Présentée un mois après la démission de Jérôme Cahuzac, la loi sur la lutte contre la fraude fiscale et la grande délinquance économique, aura mis près de dix mois à être adoptée, avant que le Conseil constitutionnel n’en retoque une partie en décembre. Tour d’horizon des principaux changements apportés.
La création d’un Procureur financier
« C’est la clef de voûte de l’amélioration de la lutte contre la corruption et la délinquance économique et financière », avait assuré la garde des Sceaux, Christiane Taubira. La loi crée un Procureur financier à la compétence large et portant sur les affaires « complexes » : corruption, trafic d’influence, prise illégale d’intérêts, favoritisme, détournements de fonds publics, délits boursiers ainsi que fraude fiscale. C’est la magistrate Eliane Houlette qui a été nommée à ce poste fin janvier.
Elle a déclaré dans un entretien au « Monde » avoir« déjà 110 dossiers », parmi lesquels les dossiers Cahuzac, Balkany, Pérol, Dassault… S’y ajoute depuis peu l’affaire Sarkozy-Herzog.

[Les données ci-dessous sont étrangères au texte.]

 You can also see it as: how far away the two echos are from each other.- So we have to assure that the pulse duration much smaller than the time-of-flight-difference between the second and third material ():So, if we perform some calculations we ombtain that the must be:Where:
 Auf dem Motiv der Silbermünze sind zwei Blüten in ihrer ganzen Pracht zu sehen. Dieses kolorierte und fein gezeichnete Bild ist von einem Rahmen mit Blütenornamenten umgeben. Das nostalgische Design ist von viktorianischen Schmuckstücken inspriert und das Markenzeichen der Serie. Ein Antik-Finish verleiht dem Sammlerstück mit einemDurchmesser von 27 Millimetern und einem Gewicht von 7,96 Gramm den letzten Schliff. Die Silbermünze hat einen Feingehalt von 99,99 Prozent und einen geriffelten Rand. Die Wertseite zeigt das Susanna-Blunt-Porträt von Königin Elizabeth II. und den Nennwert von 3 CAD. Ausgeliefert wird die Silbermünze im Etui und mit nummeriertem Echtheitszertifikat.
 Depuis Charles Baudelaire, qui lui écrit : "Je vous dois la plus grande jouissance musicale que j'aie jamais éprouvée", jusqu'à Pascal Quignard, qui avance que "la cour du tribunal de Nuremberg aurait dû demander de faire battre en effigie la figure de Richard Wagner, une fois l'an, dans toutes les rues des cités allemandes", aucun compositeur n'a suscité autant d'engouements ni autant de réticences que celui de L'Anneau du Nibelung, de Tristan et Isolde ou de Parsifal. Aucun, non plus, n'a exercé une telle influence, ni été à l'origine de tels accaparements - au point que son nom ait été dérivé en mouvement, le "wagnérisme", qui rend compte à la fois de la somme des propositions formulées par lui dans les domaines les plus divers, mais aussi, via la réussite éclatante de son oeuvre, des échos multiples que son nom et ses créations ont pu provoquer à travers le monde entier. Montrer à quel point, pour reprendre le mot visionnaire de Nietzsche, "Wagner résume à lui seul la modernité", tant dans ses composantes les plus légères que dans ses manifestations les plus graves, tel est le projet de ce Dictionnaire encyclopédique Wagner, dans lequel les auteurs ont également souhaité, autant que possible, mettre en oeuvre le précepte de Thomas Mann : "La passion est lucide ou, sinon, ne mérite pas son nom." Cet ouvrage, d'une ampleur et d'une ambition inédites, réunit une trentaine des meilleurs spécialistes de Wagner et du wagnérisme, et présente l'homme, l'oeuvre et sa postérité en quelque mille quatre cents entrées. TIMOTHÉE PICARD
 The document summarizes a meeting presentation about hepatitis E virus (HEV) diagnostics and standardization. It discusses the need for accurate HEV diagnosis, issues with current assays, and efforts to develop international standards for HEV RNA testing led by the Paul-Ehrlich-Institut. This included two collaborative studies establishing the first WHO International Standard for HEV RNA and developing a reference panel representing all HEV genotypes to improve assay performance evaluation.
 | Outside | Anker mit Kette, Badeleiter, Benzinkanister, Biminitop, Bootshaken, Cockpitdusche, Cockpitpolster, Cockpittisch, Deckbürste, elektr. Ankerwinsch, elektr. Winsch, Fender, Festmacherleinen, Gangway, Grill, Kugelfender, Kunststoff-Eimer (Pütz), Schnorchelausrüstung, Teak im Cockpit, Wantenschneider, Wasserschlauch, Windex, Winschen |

A sa création, le nouveau parquet a été très critiqué par les syndicats de magistrats, qui pointaient son manque d’indépendance et de moyens. Placé sous l’autorité du procureur général de Paris, le procureur financier est en effet nommé par décret du président de la République, sur proposition du garde des Sceaux, après avis du Conseil supérieur de la magistrature.

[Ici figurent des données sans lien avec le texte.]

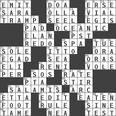 ACROSS 1. Send forth 5. ___ good deed 8. Celtic language 12. "Two Mules for Sister ____" 13. Water jar 15. Small bottle 16. _____ steamer (cargo ship) 18. Sew up the eyelids of hawks and falcons 19. Armor plate that protects the chest 20. Writing tablet 22. Pertaining to the sea 24. Style 26. Pacific Standard Time (abbr.) 27. Redecorate 28. Health resort 29. Third day of the wk. 32. Flatfish 35. "Tell ____ the Marines!" 37. Mouth or opening 38. Mild oath 39. Ocean 40. Mouths or openings 41. Connecticut Ivy Leaguer 42. Painter Guido (1575-1642) 43. Grand slam 44. For each 45. Mayday 46. Assign a rank or rating to 49. Parent Teacher Association (abbr.) 50. Tumult 51. Deli grouping 55. Curve 56. Singer James 57. Prepare for publication 59. Consumed 63. One third of a yard 64. General guideline 65. Trig term 66. Not wild 67. Teachers' org. 68. Trial DOWN 1. Eastern Standard Time (abbr.) 2. Third mo. 3. Retirement account (abbr.) 4. ________ with (broke a safety seal) 5. Two (Sp.) 6. Margarine 7. Actor Baldwin 8. Incident 9. Swiss mountan, "Queen of the Mountains" 10. Ketch in the Levant 11. Raised railways 14. City in Syria 17. Diluted with white 21. June honoree 23. White ___ sheet 25. Annoying sounds 28. Flight of steps 29. "Corrida" creature 30. Mountain range 31. Relaxation 32. Ooze 33. Stare 34. Den 36. Nine, plus one 40. Cloudy 42. Wanderer 45. R.R. building 47. "One Day ___ Time" 48. Hoop that covers a wheel 49. Food holder 51. Portico 52. Smallest unit of an element 53. Goddess of spring and wife of Bragi 54. Drop; flow; fall 56. Newt 58. Beverage made from leaves 60. Make a knot 61. Followers of ems 62. Fish or hair follower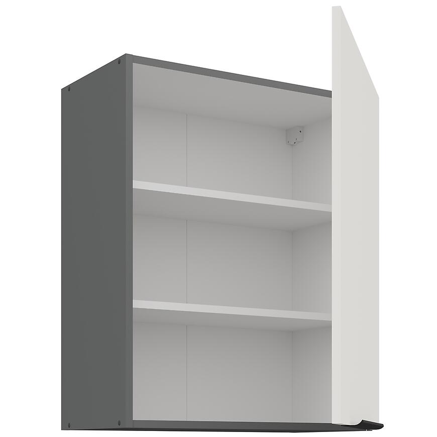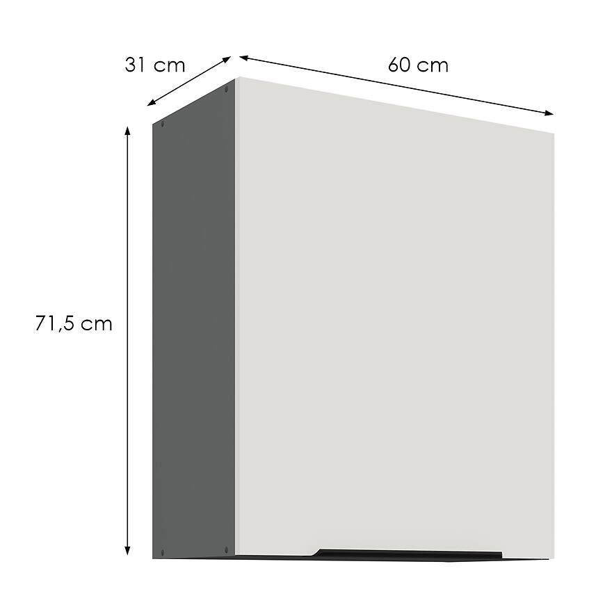 Korpus szafki utrzymano w eleganckiej szarości, dzięki czemu całość tworzy spójne połączenie z białymi frontami. Konstrukcja z solidnej, laminowanej płyty wiórowej zapewnia stabilność oraz wytrzymałość na obciążenia typowe dla szafek kuchennych górnych. Matowe wykończenie korpusu idealnie komponuje się z frontami, tworząc estetyczną, nowoczesną formę, która znakomicie wpisuje się w jasne i ciemniejsze aranżacje wnętrz.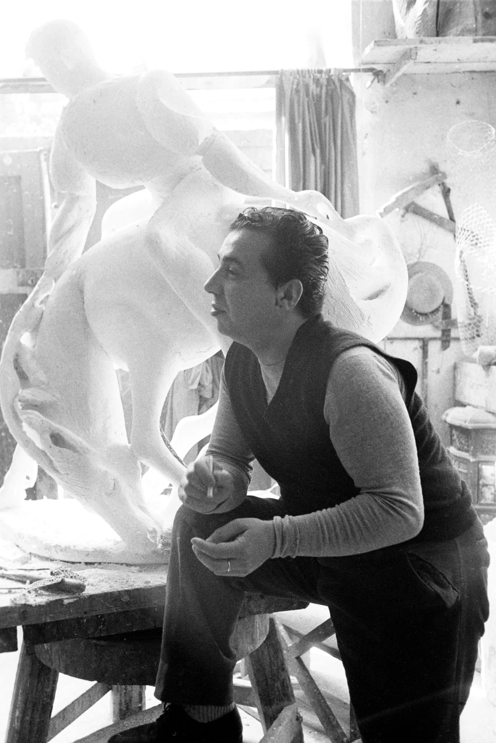 Black and white photograph of a dark-haired man in a vest seated on a studio sawhorse in profile, with a large white plaster sculpture behind him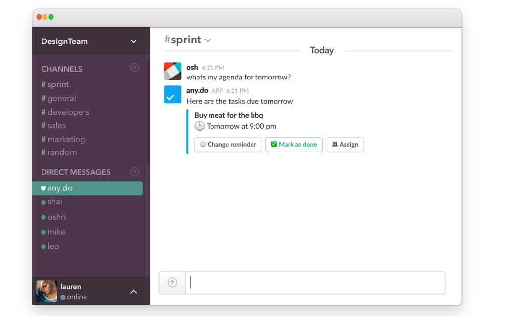 The Any.do for Slack app comes with two modes: a Multiplayer mode that uses a group channel in Slack and a Singleplayer mode that creates a private channel for your personal tasks.

Il ne compte pour le moment que cinq magistrats, mais la Chancellerie a promis la création à terme d’une cinquantaine de postes de magistrats et d’assistants spécialisés.
Des moyens d’enquête renforcés
Bras armé du parquet financier, le nouvel Office central de lutte contre la fraude et la corruption s’est vu attribuer des moyens d’enquête renforcés, via notamment la création d’un délit de fraude fiscale en bande organisée. Il peut recourir aux « techniques spéciales d'enquête » que sont la surveillance, l’infiltration, les sonorisations, la garde à vue de quatre jours ...pour démasquer les faits de fraude fiscale aggravée. Des moyens que le Conseil constitutionnel a limités, annulant par exemple la garde à vue de 96 heures.
Les sages ont également restreint l’utilisation des données obtenues de manière illicite, comme les fameux « fichiers volés » de HSBC, ouverte par le texte de loi. Les données doivent avoir été portées « régulièrement » à la connaissance de l’administration, a insisté le juge constitutionnel. Le texte contraint en outre le régulateur bancaire à transmettre au fisc des informations pouvant l’intéresser – elles n’étaient jusque là transmises qu’au parquet et à Tracfin.
Une meilleurs coopération entre la Justice et Bercy
La loi ne remet pas en question le monopole de Bercy en matière de poursuites pour fraude fiscale, mais aménage les relations entre les juges et le fisc. Elle modifie à compter de 2015 la composition de la Commission des infractions fiscales (CIF), chargée de transmettre à la justice les dossiers fiscaux que Bercy lui soumet. La CIF comprendra ainsi des magistrats de l’ordre judiciaire et devra être plus transparente vis-à-vis des parlementaires.
Régularisations : 18.200 dossiers déposés, plus de 500 traités
Autre chantier lancé dans la foulée de l’affaire Cahuzac, la régularisation des avoirs non déclarés continue de produire des résultats record. Selon les derniers chiffres de Bercy, 18.200 dossiers avaient été déposés auprès de l’administration fiscale au 14 mars, dont plus de 500 avaient déjà été traités, soit deux fois plus qu’il y a un mois.
" Le succès ne se dément pas" indique le ministère des finances. Le produit des régularisations pourrait du coup dépasser les 4 milliards d’euros, tandis que le budget tablait initialement sur des recettes de 1 milliard.
En février le ministre du Budget, Bernard Cazeneuve,a indiqué que le montant moyen des avoirs par dossier s’élevait à un peu plus de 1 million d’euros. Mais le montant moyen des actifs régularisés serait en hausse.